## Saved entries
....................

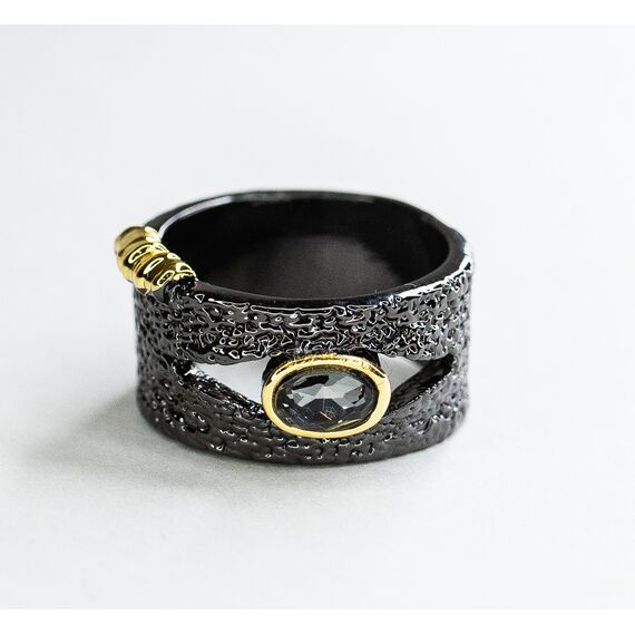 Кольцо женское из гипоаллергенного ювелирного сплава черного и желтого цвета. Вставка- ювелирное стекло коричневого цвета. Высота кольца--1см, ширина -2,2см. размер-17,0.
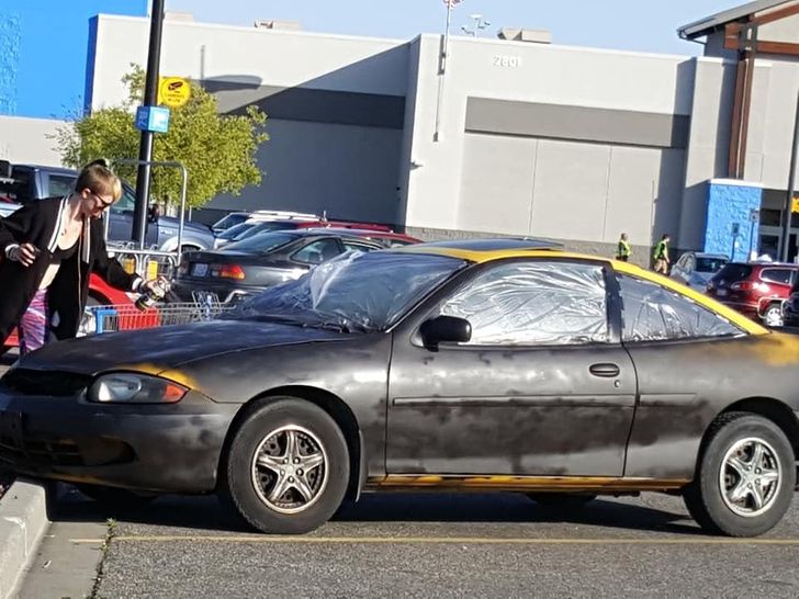 „Ta kobieta na środku parkingu malowała sprayem swój samochód na czarno…”.
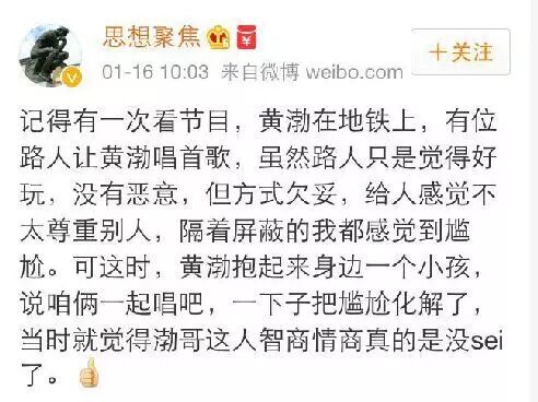 看看黄渤这双商直接秒杀多少小鲜肉啊,你看他在各种场合谈吐大方、恰到好处、侃侃而谈、幽默风趣、随机应变的时候,可曾想,这只是体现他万千智慧的一个小小场景,工作生活中还不知道有多少这样的机智呢,人红不靠脸靠情商,黄渤简直就是一部教人为人处世的典范教材呀!
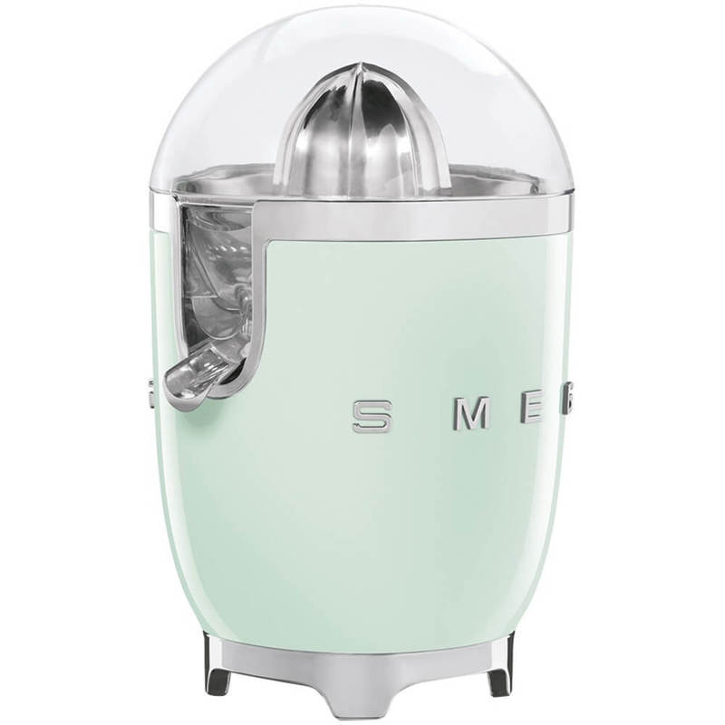 Соковыжималка для цитрусовых Smeg CJF11PGEU пастельного зеленого цвета отличается высокопрочным пластиковым корпусом и рабочей поверхностью из нержавеющей стали. Используемый материал не выделяет вредные вещества, не изменяет вкус и аромат продуктов. Модель с габаритами 28,1х18,9х22 см и весом 2,56 кг оснащена прорезиненными ножками для оптимальной устойчивости.
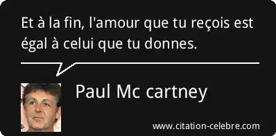 Et à la fin, l'amour que tu reçois est égal à celui que tu donnes.
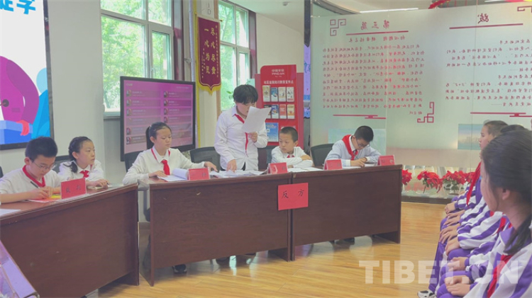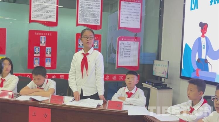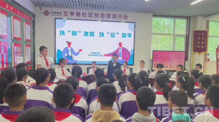 中國西藏網(wǎng)訊 4月19日,青海省西寧市海湖新區(qū)的文亭巷社區(qū)活動室里,傳出稍顯稚嫩卻有力的聲音:“今天我們辯論的題目是:中小學生應(yīng)不應(yīng)該使用電子產(chǎn)品。下面介紹雙方辯手……”這是文匯小學五年級二班的學生在此開展辯論賽。
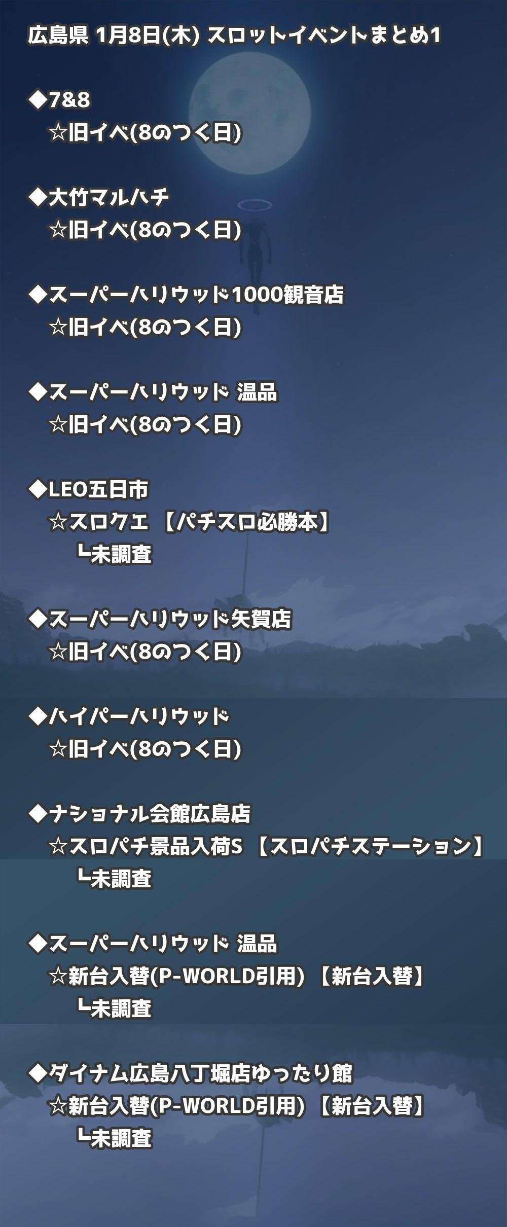 【広島県】1月8日(木) パチンコホールイベント取材まとめ記事です。
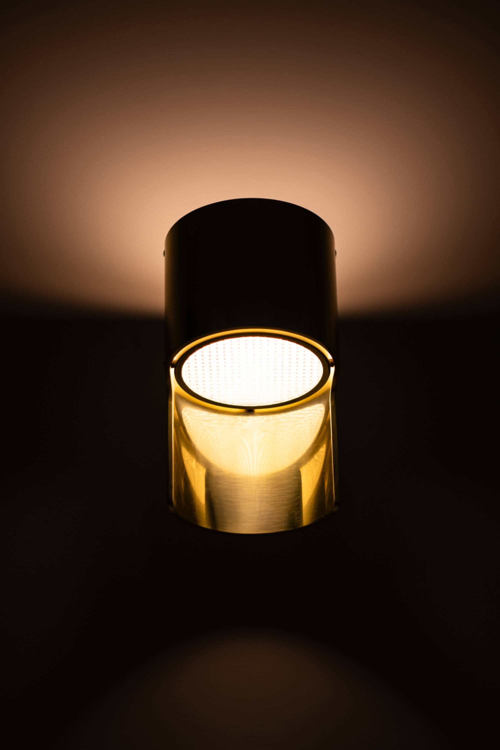 The lamp is executed entirely in brass, giving it a warm golden surface with strong reflective qualities. A textured diffuser element is integrated in the lower opening, functioning as a glare control component while also creating a more even and softened light distribution. When lit, the lamp produces a distinct architectural lighting effect, casting both an ambient glow and a pronounced pattern of light and shadow onto the surrounding wall surface. The result is typical of Scandinavian mid-century lighting design, where the technical shaping of metal is used to guide and modulate the illumination.
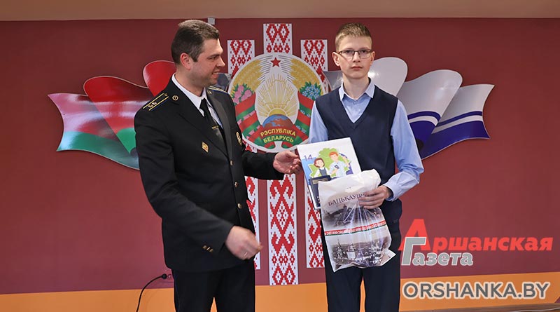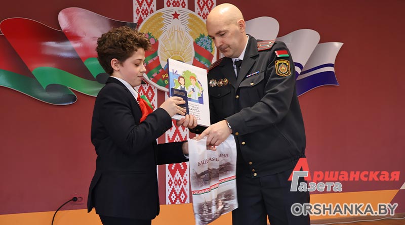 С этим важным событием ребят поздравили председатель Оршанского районного Совета депутатов Инна Хомутовская, заместитель начальника главного управления юстиции Витебского облисполкома, начальник управления принудительного исполнения Никита Рязяпов, прокурор Оршанского района старший советник юстиции Анатолий Авсюк, начальник Оршанского межрайонного отдела ГКСЭ полковник юстиции Александр Юрасов и его заместитель Дмитрий Ермаков, начальник отдела идеологической работы и по делам молодежи Оршанского райисполкома Мария Шматова, начальник отдела по гражданству и миграции УВД Оршанского райисполкома Александр Кожар, первый секретарь районного комитета «БРСМ» Мария Трубкина.
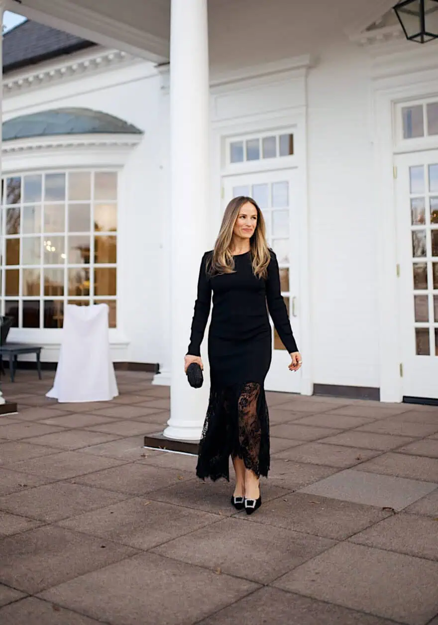• Add Texture – Lace, velvet, sequins, or a gorgeous satin material will take a simple black dress from simple to elegant and help dress up the look.
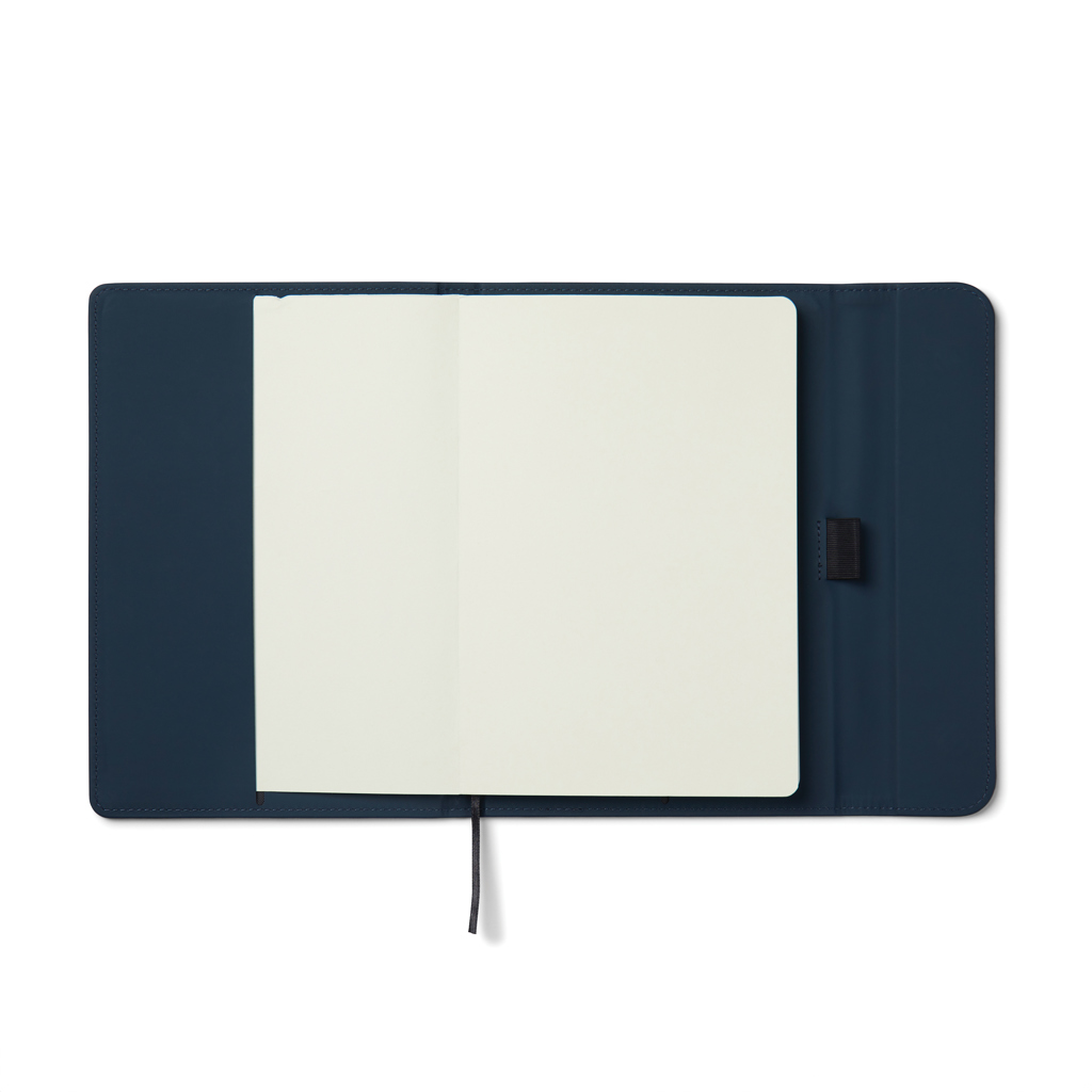 Stylový obal na zápisník z matného z recyklovaného PU. Magnetické zavírání, integrovaný držák na pero. Obsahuje vyměnitelný zápisník s 80 listy/160 stranami linkovaného recyklovaného papíru (70g/m2). Vyrobené z GRS recyklovaných materiálů. GRS (Global Recycle Standard) je globální standard, který umožňuje ověřit použití recyklovaného materiálu v produktu napříč celým dodavatelským řetězcem. Celkový podíl recyklátu dle váhy produktu: 54 % (zápisník) a 18 % (obal). Rozměry: 16 x 2 x 22.5 cm.
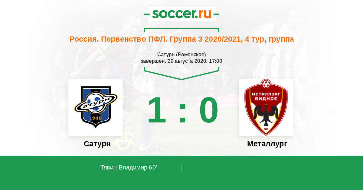Сатурн - Металлург: обзор матча 29 августа 2020
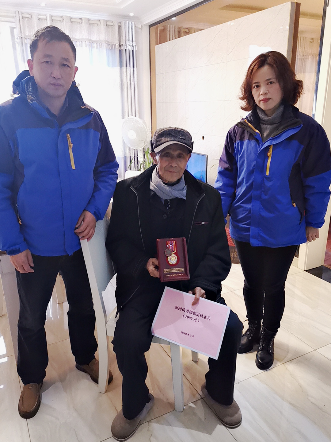 | ——池州供水公司走訪慰問社區(qū)抗美援朝老兵   偉大時代呼喚偉大精神,崇高事業(yè)需要榜樣引領(lǐng)。2020年是中國人民志愿軍抗美援朝出國作戰(zhàn)70周年,池州市供水有限公司與平天湖社區(qū)在對社區(qū)進(jìn)行走訪摸排中,發(fā)現(xiàn)社區(qū)住有一位抗美援朝老兵。2021年1月26日,由池州市供水公司工會主席施潔帶隊,有省住建系統(tǒng)勞動模范汪學(xué)斌、綜合辦相關(guān)工作人員參加的一行,在平天湖胡桂珍書記帶領(lǐng)下,走進(jìn)了平天湖社區(qū)江山郡小區(qū)抗美援朝老兵左新德家,對這位年近90的老英雄進(jìn)行了新春慰問。   左新德同志1933年生,1951年隨部隊奔赴朝鮮,在“烽煙滾滾”的朝鮮戰(zhàn)場,幾經(jīng)生死,于1954年作為最后一批志愿軍勝利回國。今年88歲的老英雄精神狀態(tài)極好,開心地與在場人員講述他的援朝經(jīng)歷,直言他是死過幾次的人了,比起當(dāng)年的艱苦,現(xiàn)在已經(jīng)是幸福得不得了的日子。

....................

## Your task
In the data above, find the line containing "С этим важным" and the line containing "up the look.". Copy exactly the stretch from the first through the second, both included, leaving out any picture.

## Reply to the exercise
 С этим важным событием ребят поздравили председатель Оршанского районного Совета депутатов Инна Хомутовская, заместитель начальника главного управления юстиции Витебского облисполкома, начальник управления принудительного исполнения Никита Рязяпов, прокурор Оршанского района старший советник юстиции Анатолий Авсюк, начальник Оршанского межрайонного отдела ГКСЭ полковник юстиции Александр Юрасов и его заместитель Дмитрий Ермаков, начальник отдела идеологической работы и по делам молодежи Оршанского райисполкома Мария Шматова, начальник отдела по гражданству и миграции УВД Оршанского райисполкома Александр Кожар, первый секретарь районного комитета «БРСМ» Мария Трубкина.
• Add Texture – Lace, velvet, sequins, or a gorgeous satin material will take a simple black dress from simple to elegant and help dress up the look.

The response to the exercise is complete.